Admitting that the lessor of the plaintiff did impose upon the organs of government, by misrepresenting his age, when he obtained his certificate, we cannot *53perceive that he thereby injured the individual rights of the defendant, or in the least contributed to bring him to his present dilemma. The land then belonged exclusively to the government. The defendant, now appellant, had no claim to it. His certificate, though elder than that of the appellee, is not shewn to cover the land now claimed, or any other spot, and if it covered the land now in contest, it only vested an equity to be asserted in a court of chancery. The imposition then, was upon the government, by obtaining from her, lands which he was not entitled to, and no injury was done to the rights of the appellant. The government, which alone was cheated, granted the land to the appellee, by a patent which we have seen is incontestible in this mode. The appellee has since acquired a claim by a grant of the government, which passes nothing, and by a residence upon the land, and he now seeks to deprive the appellant of an exception of law in his favor, by proving that on another previous occasion, though not to the prejudice of the appellant, he represented his age untruly.
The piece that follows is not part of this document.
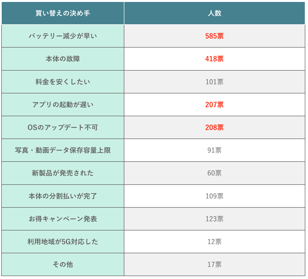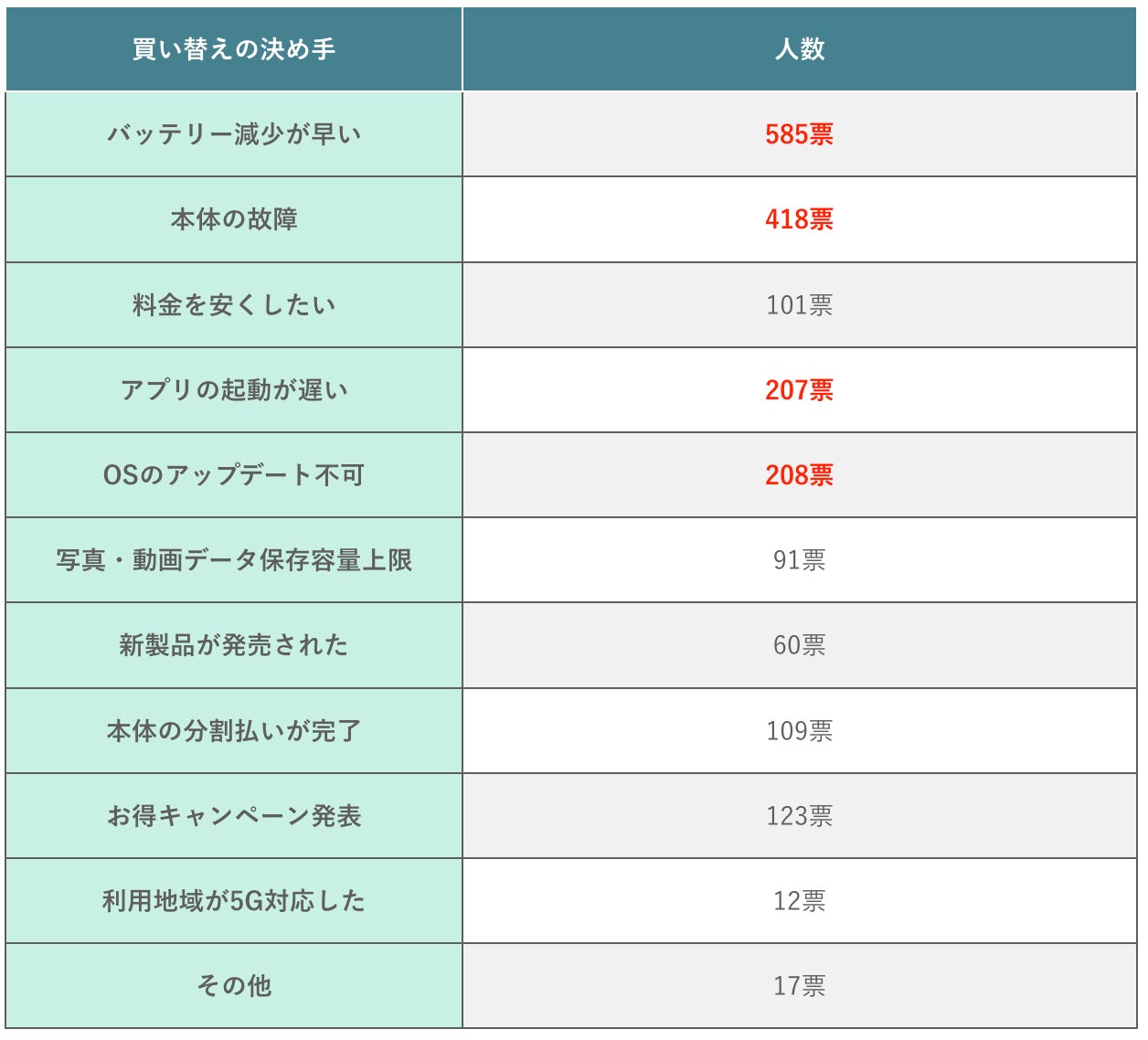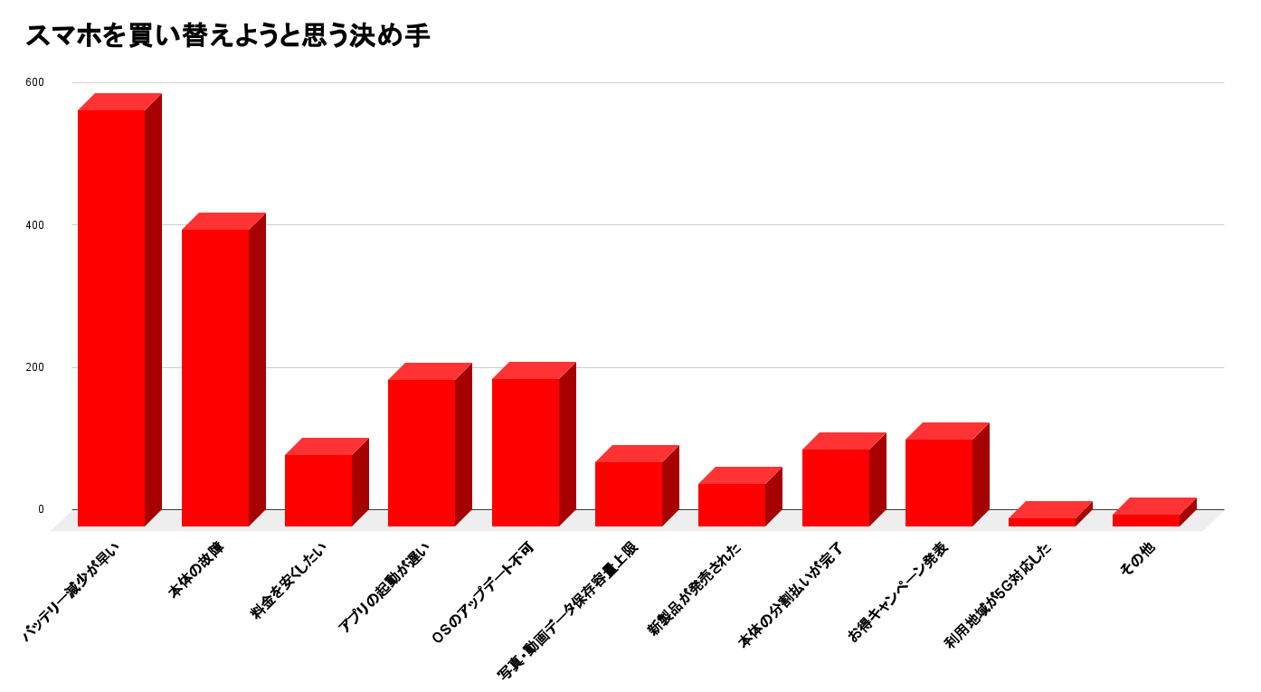 スマホを買い替える決め手をアンケート調査した結果は次の通りです。

It might as well be said, that every person who should represent and prove a fact untruly in any court, or before any tribunal, should be forever barred in all other controversies from shewing the fact to be otherwise, although different rights hang upon the contest; which is carrying estoppels farther than we have any warrant.

Crittenden, for appellant; Mayes, for appellee.

The claim of the appellant, so far as it appears to have any legality, has originated since the appellee’s imposition upon the goverment, by acts entirely uninfluenced by that imposition, therefore, he cannot rely on an estoppel against the appellee.

The judgment is correct, and must be affirmed with costs.